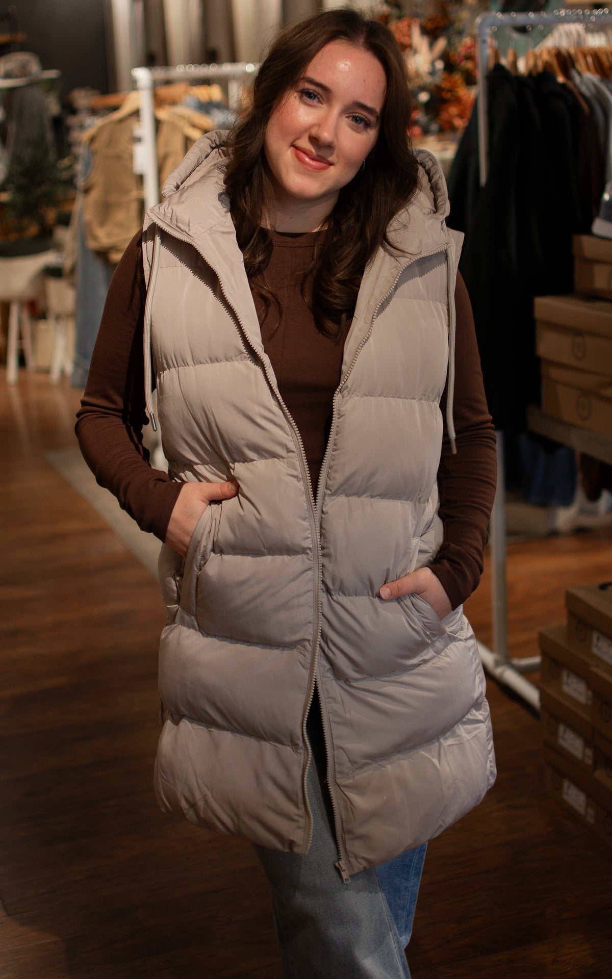 Stay cozy and stylish with the Maple Staple Puffer Vest, the ultimate mom must-have for chilly days. Whether you choose classic black or warm beige, this long puffer vest features a comfy hood to keep you snug during every school run or weekend adventure. Lightweight yet warm, it layers effortlessly over your favorite outfits, making busy days a little easier—and a lot more fashionable.
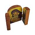 Trittico Madonna di Vladimir, Icona in Stile Arte Bizantina, Icona su Legno Rifinita con Aureole, Scritte e Bordure Fatte a Mano, Produzione Greca - 10 x 7 Cm
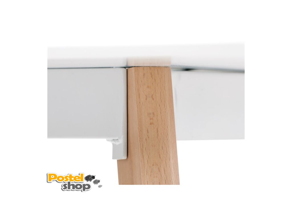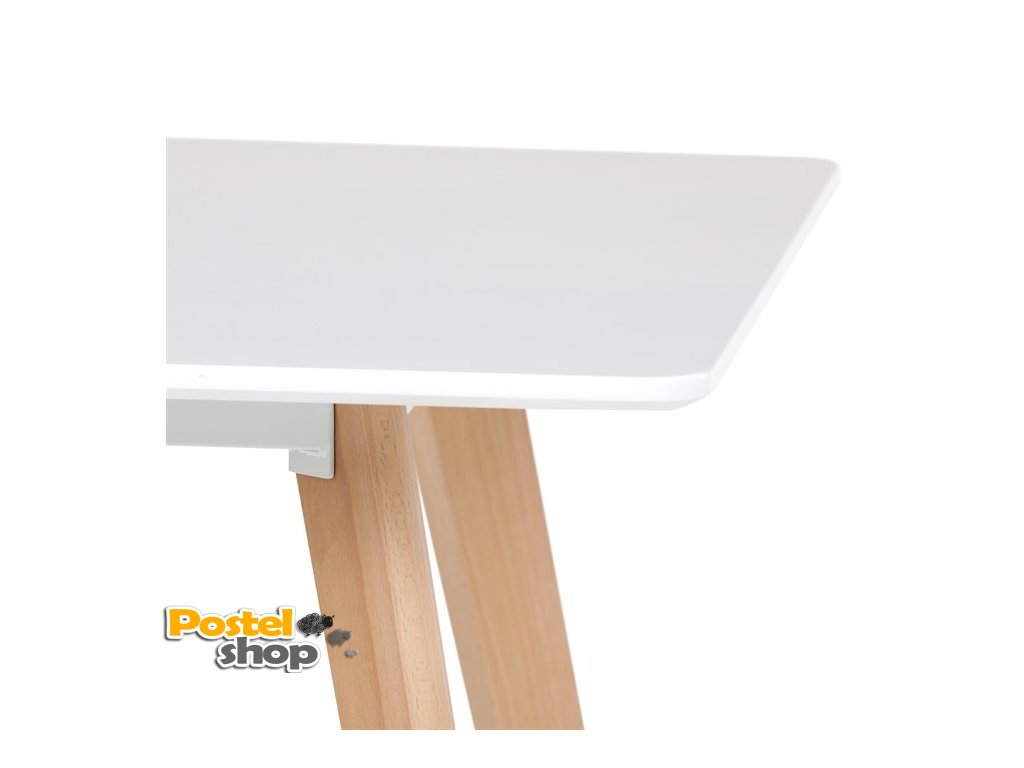 Jídelní stůl o rozměrech 80x80x74 cm kombinuje pevnou desku z MDF s matnou bílou povrchovou úpravou a stabilní nohy z masivního buku.

• Problem to solve: Print the material word for word without images.

• Completed task:
 Stay cozy and stylish with the Maple Staple Puffer Vest, the ultimate mom must-have for chilly days. Whether you choose classic black or warm beige, this long puffer vest features a comfy hood to keep you snug during every school run or weekend adventure. Lightweight yet warm, it layers effortlessly over your favorite outfits, making busy days a little easier—and a lot more fashionable.
 Trittico Madonna di Vladimir, Icona in Stile Arte Bizantina, Icona su Legno Rifinita con Aureole, Scritte e Bordure Fatte a Mano, Produzione Greca - 10 x 7 Cm
 Jídelní stůl o rozměrech 80x80x74 cm kombinuje pevnou desku z MDF s matnou bílou povrchovou úpravou a stabilní nohy z masivního buku.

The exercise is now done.